I see a little barrel too,
The heads were made of leather;
They knocked on it with little clubs
And called the folks together.

[Chorus]

And there was Cap'n Washington,
And gentle folks about him;
They say he's grown so 'tarnal proud
He will not ride without 'em.

[Chorus]

He got him on his meeting clothes,
Upon a slapping stallion;
He sat the world along in rows,
In hundreds and in millions.

[Chorus]

The flaming ribbons in his hat,
They looked so tearing fine, ah,
I wanted dreadfully to get
To give to my Jemima.

[Chorus]

I see another snarl of men
A-digging graves, they told me,
So 'tarnal long, so 'tarnal deep,
They 'tended they should hold me.

[Chorus]

It scared me so, I hooked it off,
Nor stopped, as I remember,
Nor turned about till I got home,
Locked up in mother's chamber.

[Chorus]

==Tune==
The tune shares with the English language nursery rhymes "Simple Simon", "Jack and Jill", and "Lucy Locket", as well as the Japanese dōyō "Alps Ichiman Jaku". It also inspired the theme tune for the children's television series, the 1960s US cartoon series Roger Ramjet, Barney & the Backyard Gang, and Barney & Friends. Danish band Toy-Box sampled the tune in their song "E.T".

==Notable renditions==
The American state broadcaster Voice of America (VOA) uses the tune of Yankee Doodle as their interval signal. There is uncertainty over the origin of the VOA's decision to use the tune. In his 1990 memoir Being Red, Howard Fast claimed that while working as the VOA's chief news writer and news director in 1943, he selected "as a joke" Yankee Doodle for the broadcaster's interval signal.

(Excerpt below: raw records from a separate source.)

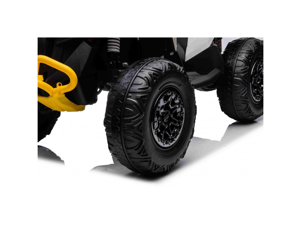 Vehiculul electric cu patru roți pentru copii este echipat cu două motoare cu o putere totală de 400 W și roți largi din spumă EVA . Quad-bike-ul se descurcă cu ușurință diferite tipuri de teren, suprafețe neasfaltate și dealuri.
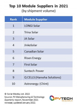 光伏媒體PV-Tech報道:天合光能2021年全球組件出貨排名第二
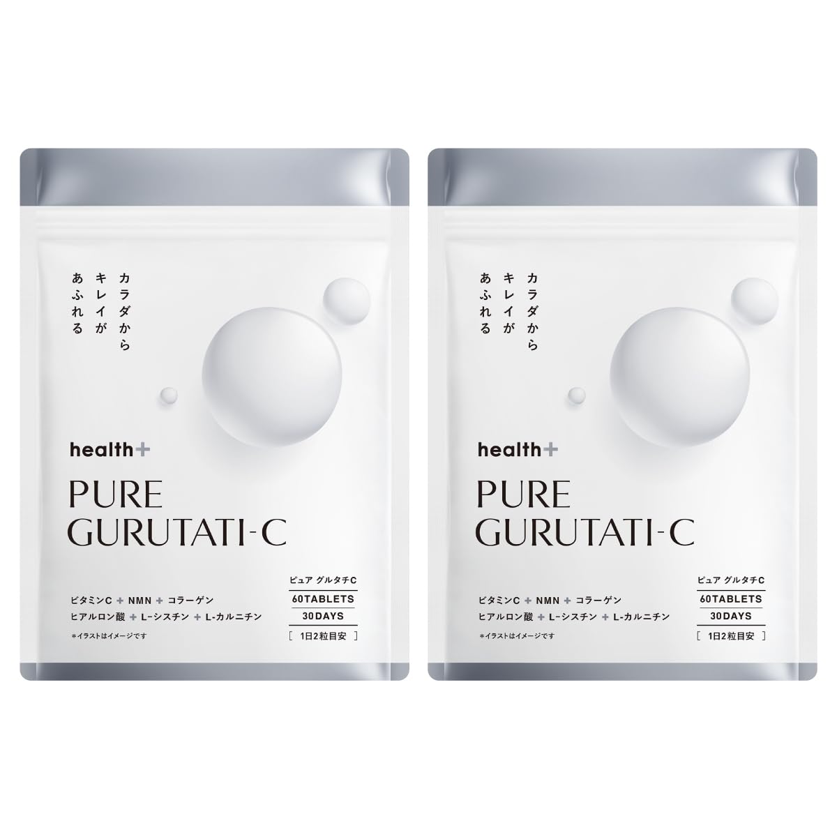 【送料無料】health+ ピュアグルタチ グルタチオン 含有 酵母エキス 飲む白玉美容サプリ ビタミンC L-シスチン NMN 美容成分贅沢配合 日本製 30日分 サイズ:2袋
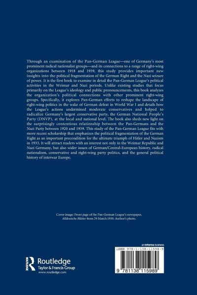 Through an examination of the Pan-German League, one of Germany's most prominent radical nationalist groups, and its connections to a range of right-wing organisations between 1918 and 1939, this study provides important new insights into the political fragmentation of the German Right and the Nazi seizure of power. It is the first book to examine in detail the Pan-German League's political activities in the Weimar and Nazi periods.
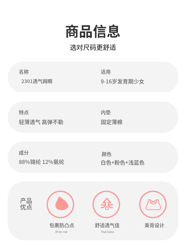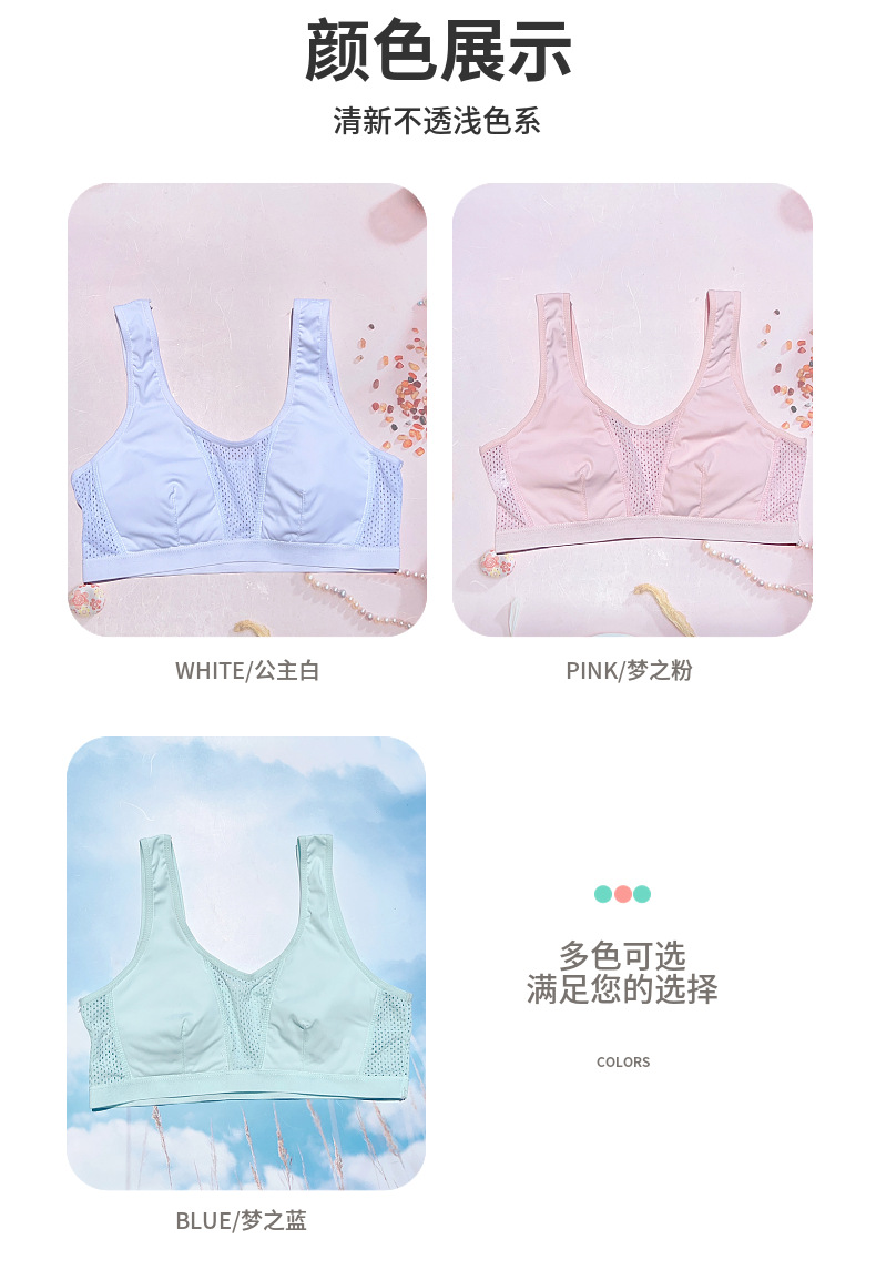발달기 브라 학생 속옷 소녀용 중학생 아이스 실크 노와이어 메쉬 확대형 어린이 여름용스토어 가기
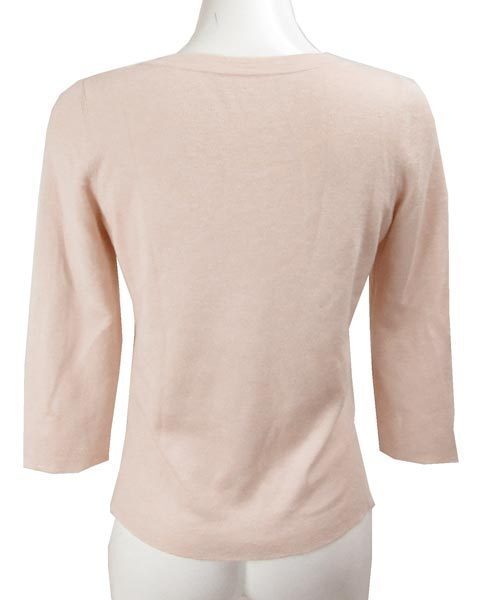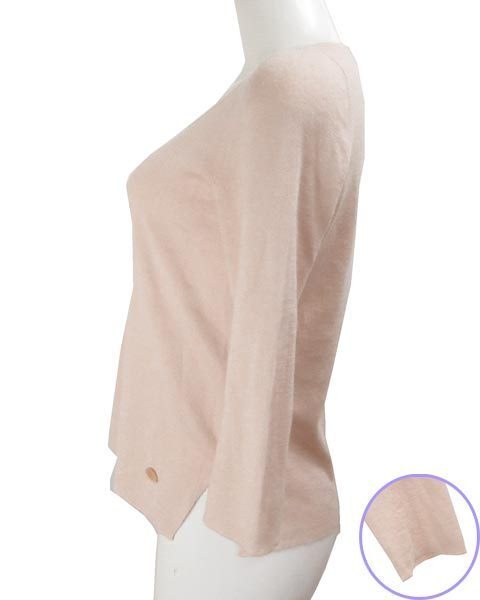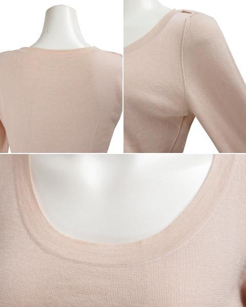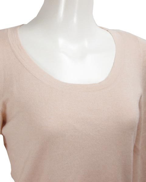 | 肌触りの良いカシミヤシルク混のニット。薄手のお生地になりますので、細身効果があります。ボトムスを選ばずお使い頂けて、フォクシーらしいスタイルが楽しめます。薄いピンクなので、甘くなりすぎず着やすいお色です。 |
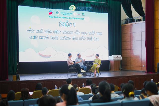 The Talk Show was held on April 19, 2025, at Hall A, Diplomatic Academy of Vietnam. Focusing on two main contents: “Folk Culture – The Key to Nurturing the Souls of Children” and “Folk Culture – A Foothold for Contemporary Creation,” the two speakers shared practical perspectives on how folk culture enters literature—from serving as creative material to its role in nurturing the soul and inspiring creativity. The talk show also discussed how to access and research culture through books, as well as how modern authors can integrate and promote folk values in their works.
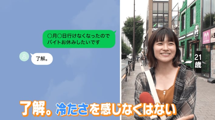東京都内で10代~25歳の100人に聞いたところ、69%もの人が「了解。」について冷たく感じると回答していました。
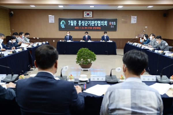 [충청뉴스큐] 지난 13일 오후 5시 30분 홍성군이 이용록 홍성군수 주재로 관내 기관장 23명이 참석한 가운데 기관장협의회를 개최했다.

 I established contact at the Soviet embassy with people who spoke English and were willing to feed me important bits and pieces from their side of the wire. I had long ago, somewhat facetiously, suggested “Yankee Doodle” as our musical signal, and now that silly little jingle was a power cue, a note of hope everywhere on earth, conveyed by short wave as well as by our four-hour American BBC. When I sat down to write “Good morning, this is the Voice of America,” I now have a grasp of things.